# Banks redeeming tracker mortgages for a discount?



## RedRed (2 Jul 2020)

Hi 

Another question.  Any cases of banks redeeming mortgages for a discount?  I searched the forums and didn't find any hits indicating if this has been discussed before.

Simple logic being that they could re-lend the repaid balance at much higher rates, so they might be willing to offer a discount (say 10-15%) to redeem a tracker.  

Curious.


----------



## jhegarty (3 Jul 2020)

PSTB offered 10% off for extra payments back in 2011. But not since.


----------



## Brendan Burgess (3 Jul 2020)

The same question is asked frequently on Askaboutmoney and the answer is always the same.

Banks are not paying for people to redeem their trackers early. 

In some cases, vulture funds will do deals with people in deep arrears and negative equity, whether they have tracker mortgages or market rate mortgages.

Brendan


----------



## NoRegretsCoyote (3 Jul 2020)

It's adverse selection in reverse.

If you have the funds to cut a deal you have the funds to repay mortgage. So banks will hold you to your contractual obligations.

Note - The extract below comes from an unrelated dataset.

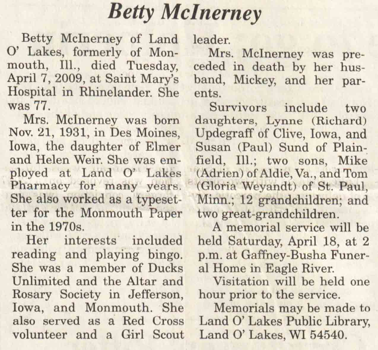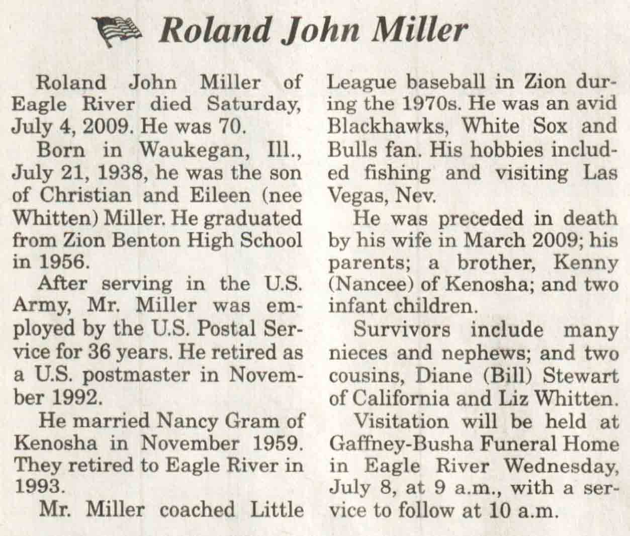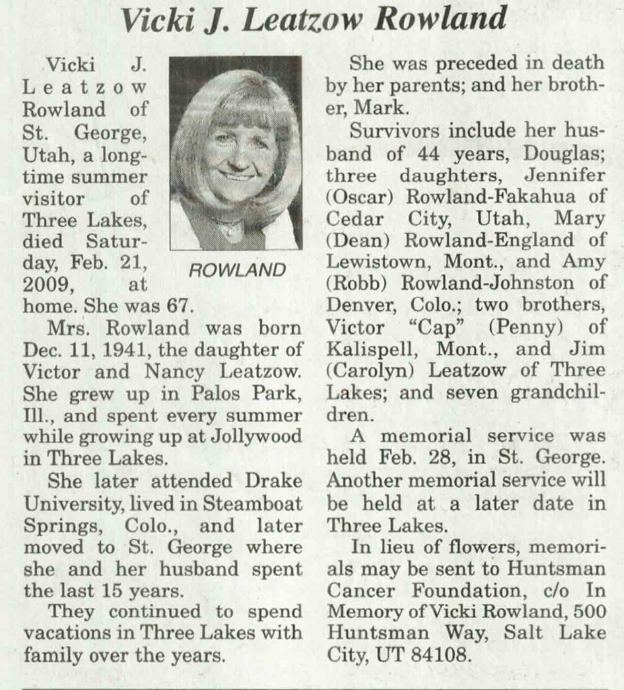 | Rowland | Vicki J (Leatzow) | 11 Dec 1941 | 21 Feb 2009 | V N-R | 11 Mar 2009 | 4 |

A colleague of mine tried this as long ago as 2013 I think and had no luck. That was when banks' cost of funds were much higher than they are now, and even performing trackers were structurally loss making.


----------



## RedRed (3 Jul 2020)

Brendan Burgess said:


> The same question is asked frequently on Askaboutmoney and the answer is always the same.
> 
> Banks are not paying for people to redeem their trackers early.
> 
> ...



thanks Brendan. This is not a situation of negative equity or arrears, but appreciate your feedback. Using a bond pricing analogy, one might have expected a loan asset issued at sub-1% to trade at a discount from the bank’s perspective, relative to a market rate loan. But I guess my logic only holds true if the banks are actually limited in their access to capital to issue loans. If they were, then it would be smart business sense for them to prioritize higher rate loans, than my tracker.


----------



## jhegarty (14 Aug 2020)

Just to confirm on this.  Payed off my (+1.1%) PTSB tracker this week. No discount , infact they added €27.48  for the interest in the days since the last payment.


----------



## Itchy (15 Aug 2020)

jhegarty said:


> Just to confirm on this.  Payed off my (+1.1%) PTSB tracker this week. No discount , infact they added €27.48  for the interest in the days since the last payment.



The state has a 75% interest in that €27 so thank you for your diligence! And congrats!


----------